# Assignment:
Could you output each line below precisely as it stands, without the images?

# Dataset content:
──────────────────────────────

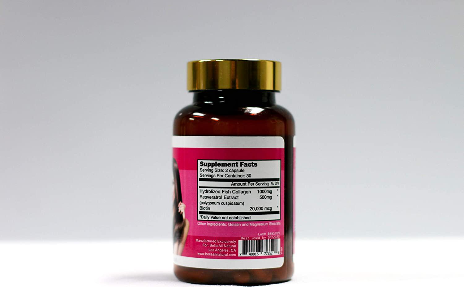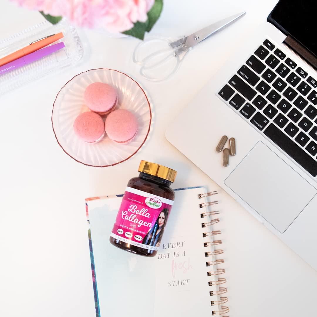 Bella All Natural Collagen with Biotin and Resveratrol - Hair, Skin and Nails Vitamins - 60 Capsules
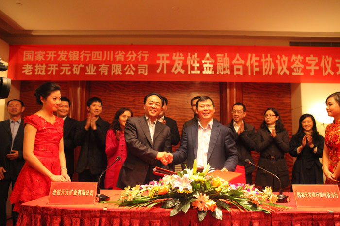 ??? 2012年11月14日下午,亞洲鉀肥集團有限公司所屬的老撾KY開元礦業有限公司(簡稱老撾KY開元)與國家開發銀行四川省分行在凱賓斯基飯店舉行開發性金融合作協議簽字儀式。國家開發銀行四川省分行黨委書記、行長王中,副行長彭忠,集團董事長、老撾KY開元董事長趙思儉、副總裁余曉波等領導代表出席了簽字儀式。
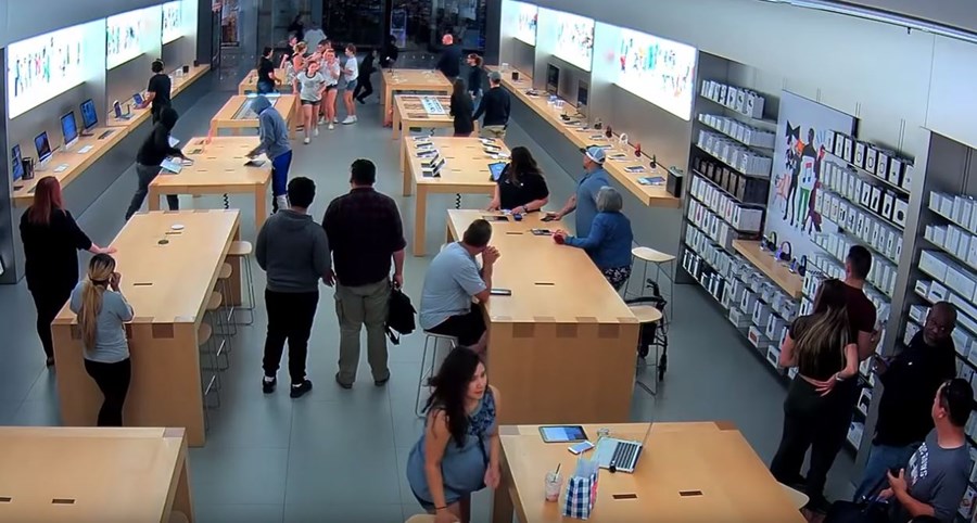 De acordo com o portal Gizmodo, o caso aconteceu na cidade de Fresno, na Califórnia, e o valor roubado foi em aparelhos como iPhone e MacBooks. Um vídeo da câmera de segurança mostra os homens entrando na loja, andando entre as mesas de exposição e pegando diversos aparelhos enquanto os vendedores e clientes ficam parados, sem reação.

──────────────────────────────

# Written answer:
 Bella All Natural Collagen with Biotin and Resveratrol - Hair, Skin and Nails Vitamins - 60 Capsules
 ??? 2012年11月14日下午,亞洲鉀肥集團有限公司所屬的老撾KY開元礦業有限公司(簡稱老撾KY開元)與國家開發銀行四川省分行在凱賓斯基飯店舉行開發性金融合作協議簽字儀式。國家開發銀行四川省分行黨委書記、行長王中,副行長彭忠,集團董事長、老撾KY開元董事長趙思儉、副總裁余曉波等領導代表出席了簽字儀式。
 De acordo com o portal Gizmodo, o caso aconteceu na cidade de Fresno, na Califórnia, e o valor roubado foi em aparelhos como iPhone e MacBooks. Um vídeo da câmera de segurança mostra os homens entrando na loja, andando entre as mesas de exposição e pegando diversos aparelhos enquanto os vendedores e clientes ficam parados, sem reação.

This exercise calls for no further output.